US Federal Reserve will opt to maintain its current interest rates during the meeting on September 19-20 despite persistent inflation levels exceeding the central bank's target range while the US economy remains resilient. The two-day Federal Open Market Committee (FOMC) meeting begins today (September 19) and its outcome is due on Wednesday (September 20). The US Fed has been raising rates since March 2022 and this could be the second time since then that the Fed may maintain a pause on interest rate hikes.
While a pause seems highly likely, the possibility of a rate cut is extremely feeble at this juncture. Markets across the globe will closely watch what the US Fed Chairman Jerome Powell says about inflation and the US economy.
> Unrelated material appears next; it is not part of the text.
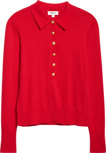 Silvery ornate buttons march down the front of this fine-gauge sweater knit with a polished collar.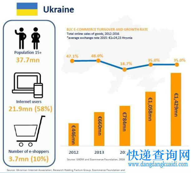 乌克兰是农业和重工业国家,轻工业则欠发达,鞋业、纺织业、服装成衣、电子产品等很多都依赖进口。加之乌克兰本国零售业发展受阻,乌克兰人想要买日用消费品,一般习惯网购,海淘之风盛行。根据ECOMMERCEEUROPE(欧洲电子商务协会)的研究数据,乌克兰2015年在线零售相比2014年增长了35%,增长率在欧洲名列第一。

The Fed is expected to maintain a status quo on rates in September but experts see a possibility of one rate hike in the coming policy meetings.
V K Vijayakumar, Chief Investment Strategist at Geojit Financial Services believes the Fed will likely hold rates this time but the tone of the Fed commentary will likely be a bit hawkish since inflation continues to be high despite some easing. Vijayakumar anticipates one more rate hike of 25bps in the next meet and a hold thereafter. "The Fed always responds to incoming data.
However, the current trend indicates the possibility of a rate cut only by the second quarter of the next year (Q2CY24)," said Vijayakumar. Madhavi Arora, Lead Economist at Emkay Global Financial Services, has a similar view. "We are not expecting any action from the Fed amid incipient signs of a cooling labour Market and demand-led inflation, but expect them to keep one more hike intact in the dot chart and sound cautious and data-dependent," said Arora.